Where Rose Street meets I-90 is one of the busiest places in La Crosse. 32,000 vehicles each day pass through and thanks to a four-year-long project, what they see as they drive by is completely different.
A ribbon cutting Wednesday signaled the end of that project, which added a 4-acre eagle viewing area for one of La Crosse's most majestic perennial residents.
“To have projects where we're getting people connected to the water, connected to that resource I think is so vitally important,” La Crosse Mayor Tim Kabat said.
Beyond that, the $65 million project also added muti-use trails connecting La Crosse with Onalaska and landscape improvements including thousands of trees and plants.
“To try to get people – especially if you were walking or biking – from La Crosse to Onalaska was really dangerous and not really even possible. Now with the multi-use path, people can do that,” Mayor Kabat said.
City officials now look forward to the positive impact on their own improvement plans for the area in the form of the US Hwy 53 Corridor plans. The final plans were adopted by the city in spring of 2018.
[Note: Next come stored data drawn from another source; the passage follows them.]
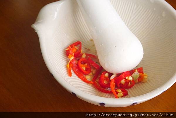 每個人都會有一個小缽,有生辣椒,可以加上桌上的調味汁,有些微酸,沾取食物吃,會很有越南風情。
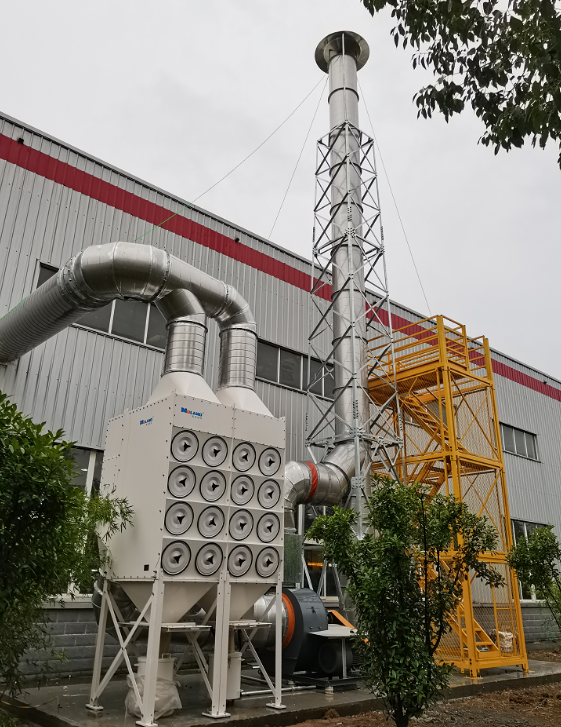 根據現場車間布局,將煙塵凈化器主機、風機放置在車間外部平臺上;獨立電控裝置放置在車間內便于除塵系統啟停操作。
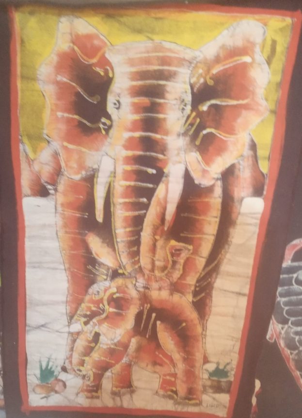 Ce tableau artisanal met en scène une majestueuse éléphante accompagnée de son éléphanteau, illustrant un puissant symbole de protection, de sagesse et de lien familial.

“Not only does it mean something for the north side, it means something for our whole community,” District 1 Council Member Andrea Richmond said.
The eagle viewing area is in the center of what they call "Pulse Node A" one of four major areas pegged for redevelopment plans. "Pulse Node A" will focus mainly on mixed use developments meant to bring new housing and business to the area.
“We're looking at possibly Bridgeview Plaza, improving our parks along our corridor with Badger/Hickey Park and development over behind Walgreens,” Richmond said.
Officials say the completely revamped gateway into La Crosse is a major help to get the ball rolling on these new developments.
“People in this area have been talking about this for a long time,” Mayor Kabat said. “And to have this now really showcases just how beautiful this place is.”